Dialogue entre un croyant et un athée
En la présence du calife Haroun
al-Rachid
Le
21 mars 2020 Arte
diffusait une émission intitulée « la Fabuleuse histoire de
l’évolution ». Cette occasion me remit en mémoire une controverse ayant
opposé, dit-on, Abou Hanifa, célèbre docteur de l’islam, à un athée. Mettant à
profit la claustration forcée à laquelle nous condamne le covid-19, j’en fis,
en prenant quelques libertés, la traduction suivante, à partir d’un texte édité
par Joseph Zeitoun et que j’ai trouvé sur son site : josephzeitoun.com
On raconte qu’un athée, s’étant présenté devant Haroun al Rachid,
lui dit : « Ô Commandeur des croyants, les savants de ce temps, tels
que Abou Hanifah et consorts, sont unanimes pour dire qu’un Créateur est à
l’origine du monde. Mandez le plus savant d’entre eux afin qu’au terme d’une
controverse en votre présence, je le persuade de l’inanité de leur
thèse. »
Sur ce, Haroun al Rachid députa un émissaire auprès de Abou Hanifa,
qui était l’un des savants les plus illustres de son temps, et lui fit
dire : « Abou Hanifa, Nous avons reçu la visite d’un athée qui nie
l’objet de notre Foi : l’existence d’un Créateur et d’un acte de Création.

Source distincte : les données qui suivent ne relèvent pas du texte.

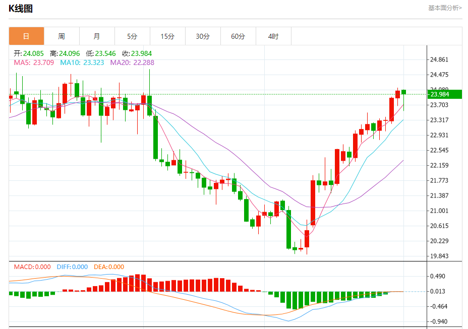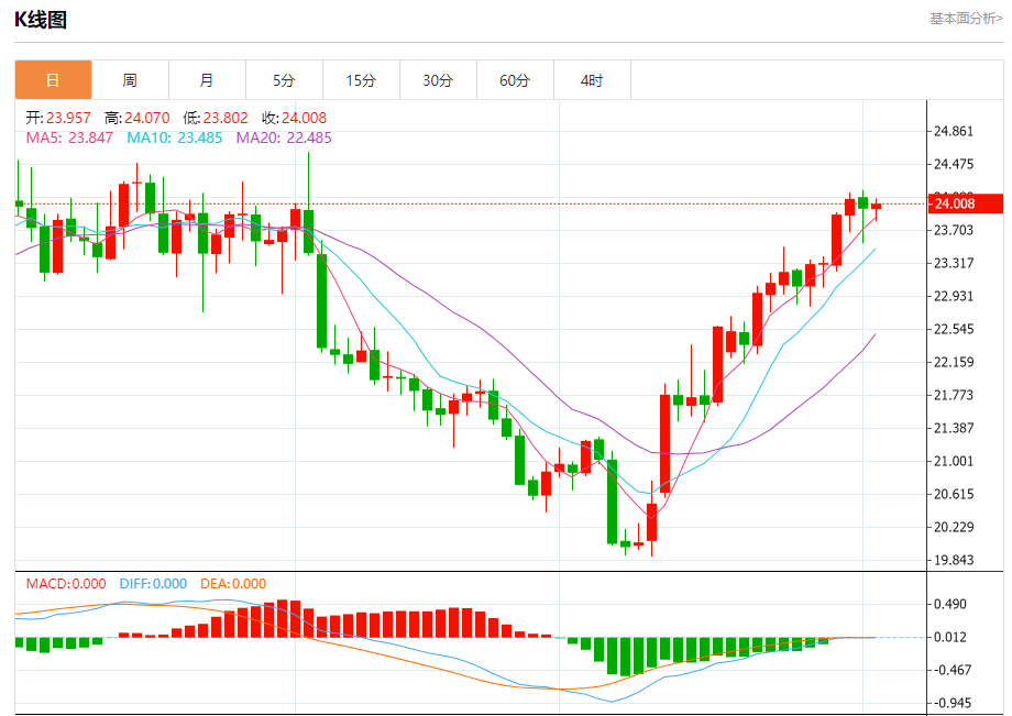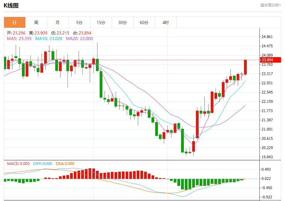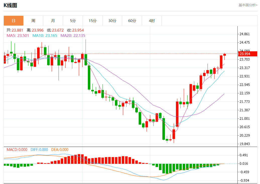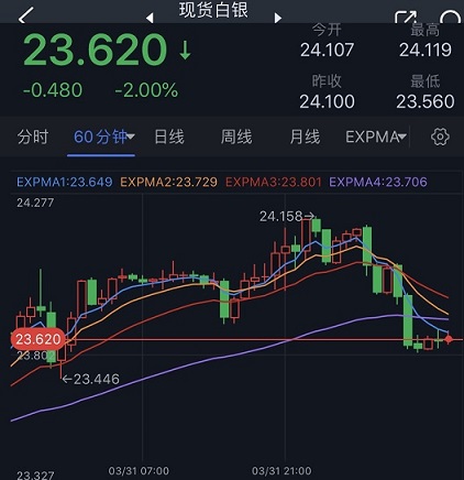 基本消息面 周五(3月31日),现货白银基本持稳,银价目前位于23.90美元/盎司附近。 根据conoi.co,假如攻克首个看涨目标24.00美元/盎司,银价有望进一步飙升。 相关新闻消息 现货白银周四收市大幅攀升2.39%,报23.89美元/盎司。 银价延续升势并接近我们等待的目标价位24.00美元/盎司。如图所示,银价在看
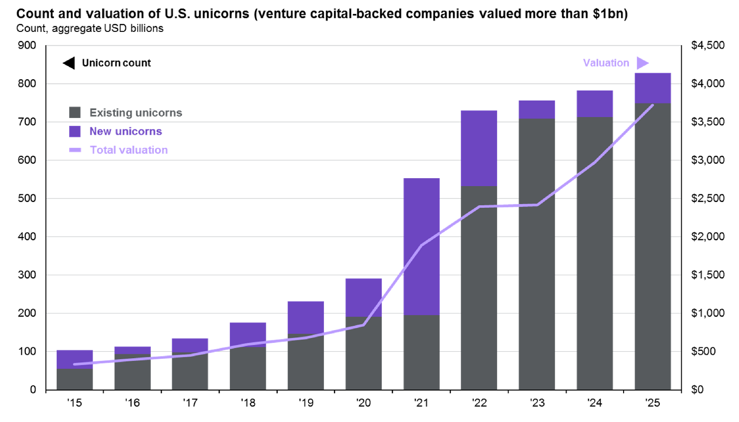 Similar to Anthropic, SpaceX is also looking at an IPO valued at north of $800 billion. Companies that are backed by private equity and valued above $1 billion are known as “unicorns.” During 2020–2021, accommodative financial conditions pushed private valuations higher, accelerating unicorn formation. After 2022, a more challenging exit environment reduced IPOs and M&A activity, keeping companies private for longer. Together, these dynamics have led to a larger universe of unicorns than in the past, making private markets increasingly difficult for investors to ignore without risking missed opportunities.
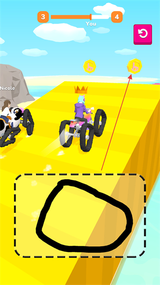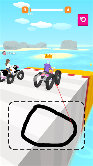 1、繪制圖形生成載具,駕駛其在賽道行駛,超越對手Nicolo,爭奪領(lǐng)先位置。
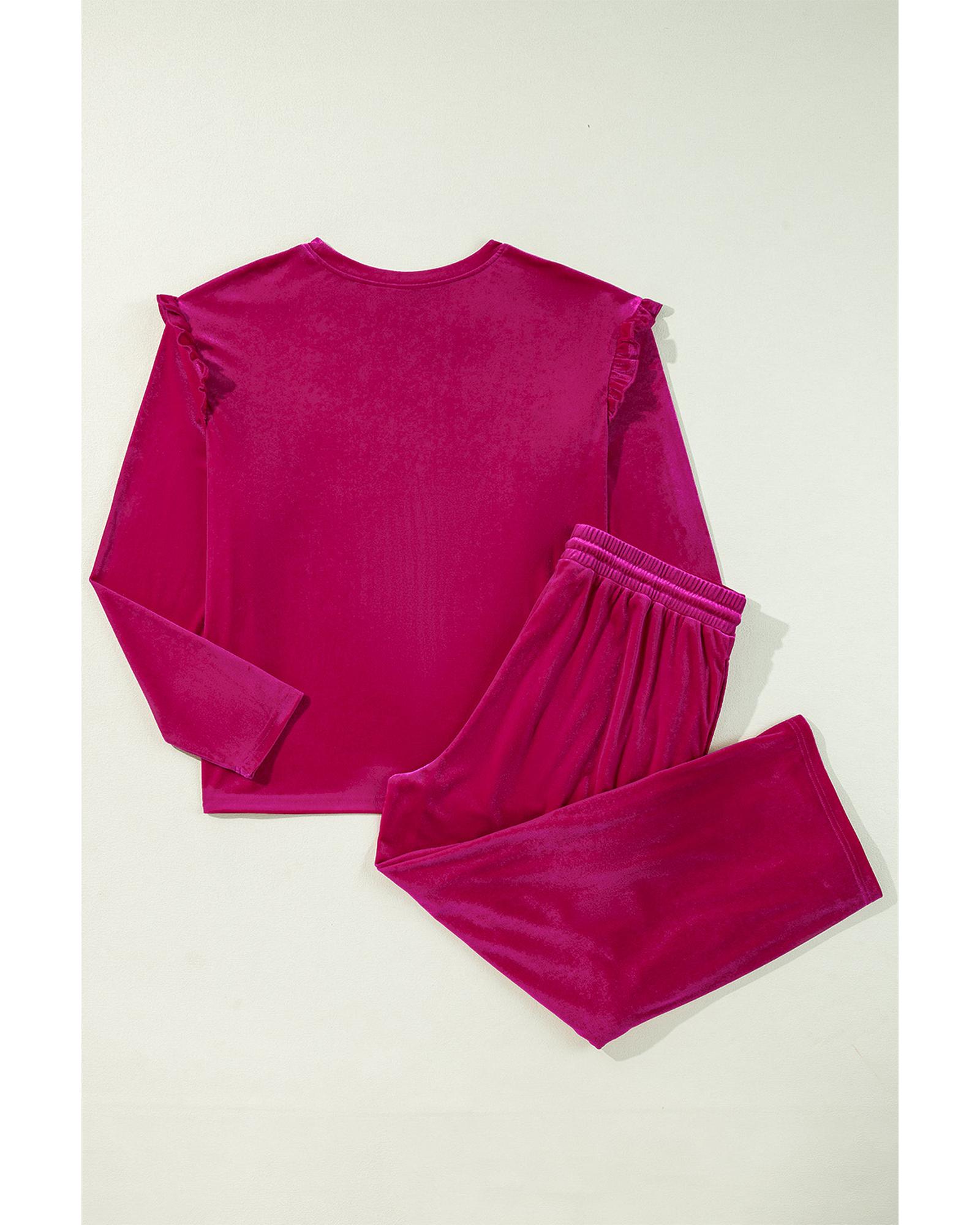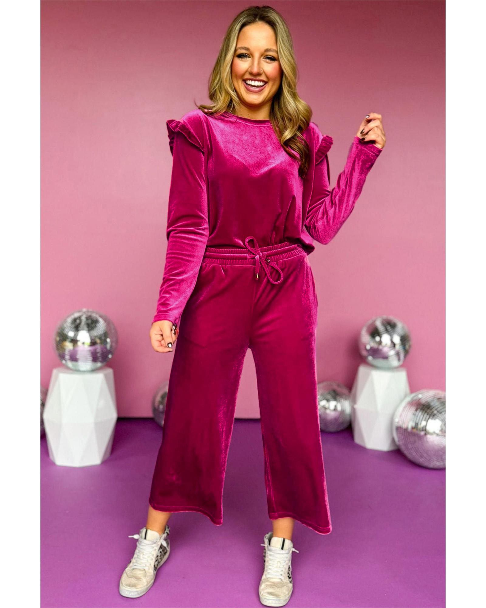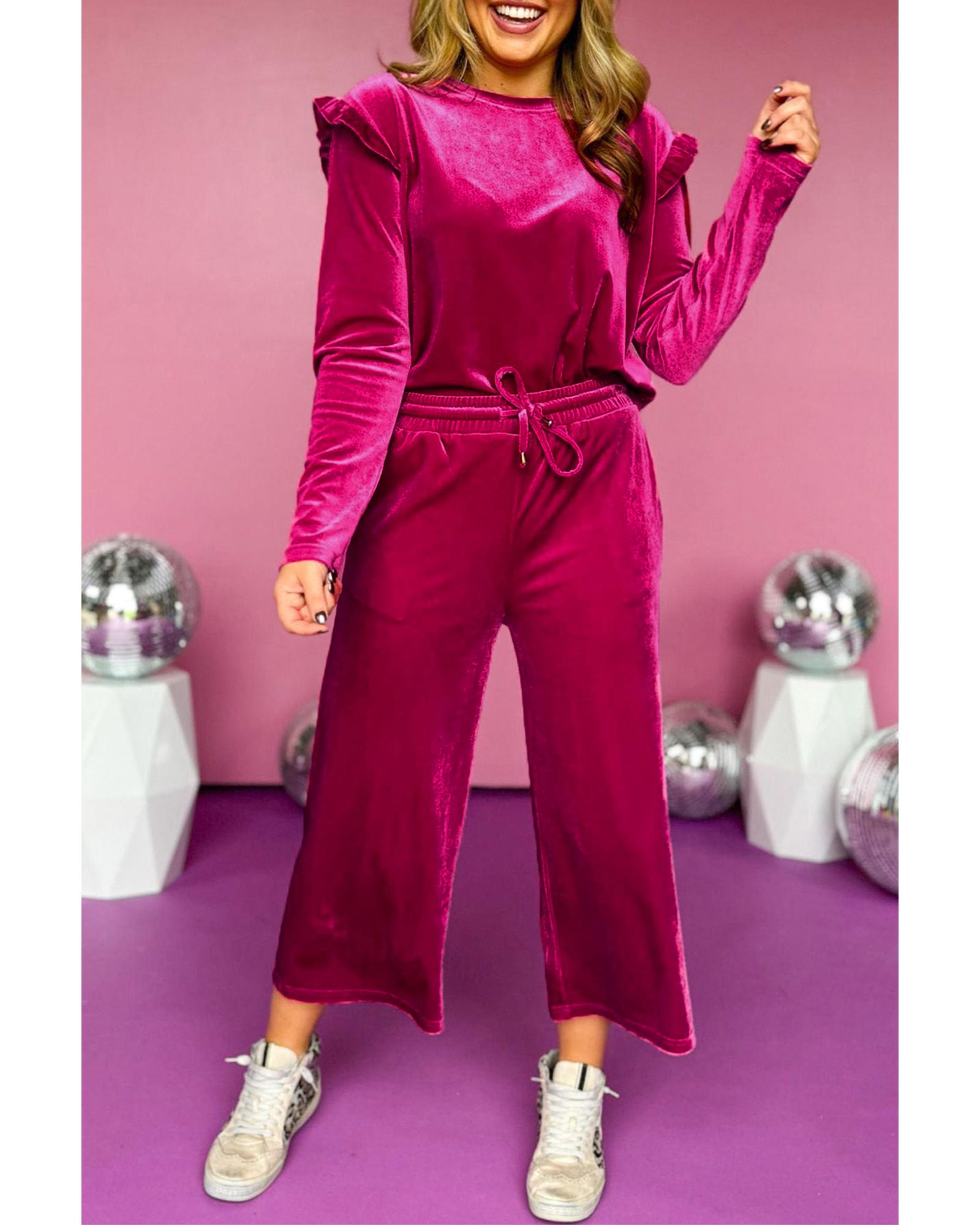 Rose Red Solid Velvet Ruffled Two Piece Pants Set – XL
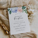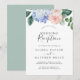 Este convite de recepção de casamento branco com hortênsia azul elegante é perfeito para uma festa pós-fuga romântica na primavera ou verão. O design floral clássico apresenta hortênsias em azul suave em aquarela acentuadas com flores rosa bege neutro e folhas verdes. Os cartões de RSVP são vendidos separadamente, ou você pode adicionar informações de RSVP no verso do cartão.
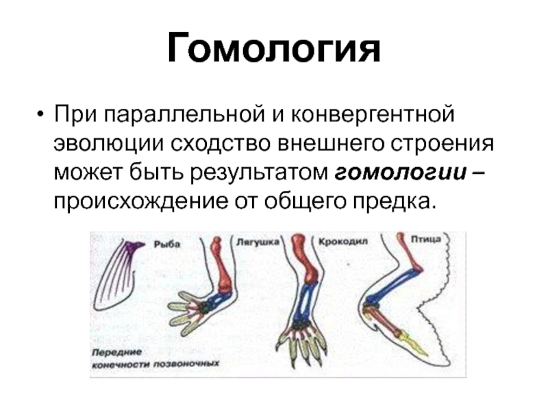 Гомология При параллельной и конвергентной эволюции сходство внешнего строения может быть результатом гомологии – происхождение от общего

Et ce mécréant vous engage à en débattre avec lui. »
Ayant tout uniment accepté l’offre, Abou Hanifa arrive en retard au
rendez-vous fixé. Néanmoins Haroun al Rachid l’accueille et le fait asseoir au
milieu de la salle des audiences, entouré des hauts barons et des dignitaires de
la Cour.
- L’athée : « Abou Hanifa, as-tu quelqu’excuse à nous
donner à ton retard ? »
- Abou Hanifa : « J’ai été surpris par une circonstance
totalement imprévue. Comme je m’apprêtais à traverser le Tigre, j’aperçus un
vieux navire complètement désassemblé. A l’instant même où mon regard se fut
posé dessus, les planches disjointes se mirent en branle et s’assemblèrent à
nouveau formant, sans l’aide d’un menuisier ni d’aucun ouvrier, un navire tout
neuf et propre à la navigation. Là-dessus, j’embarquai et me voici parmi vous.
Voilà la raison de mon retard. »
Ce qu’entendant l’athée est parti dans un fou rire et, se tournant
vers l’assemblée : « Ecoutez, nobles gens, fit-il, les propos de
celui que l’on tient pour l’un des savants les plus considérables de son temps.
Avez-vous jamais entendu propos plus inconsistants et plus vains ?
Comment, diable, un navire disloqué peut-il se reconstituer et ses parties se
réajuster, sans l’aide d’un menuisier ? N’est-ce pas là une fable
entièrement controuvée ?
« Mécréant insensé et impie, repartit Abou
Hanifa, telle est ton incohérence que tu dénies à un navire démantelé et
hors d’usage ce que tu accordes à un univers constellé de merveilles
confondantes pour la raison, puisqu’il est impossible à l’un de se remettre
spontanément en état tandis qu’il est loisible à l’autre d’exister per se et
sans Créateur. »
Sur le champ, le calife abbasside
donna l’ordre qu’on tranchât le cou à l’athée, convaincu de crime contre Dieu.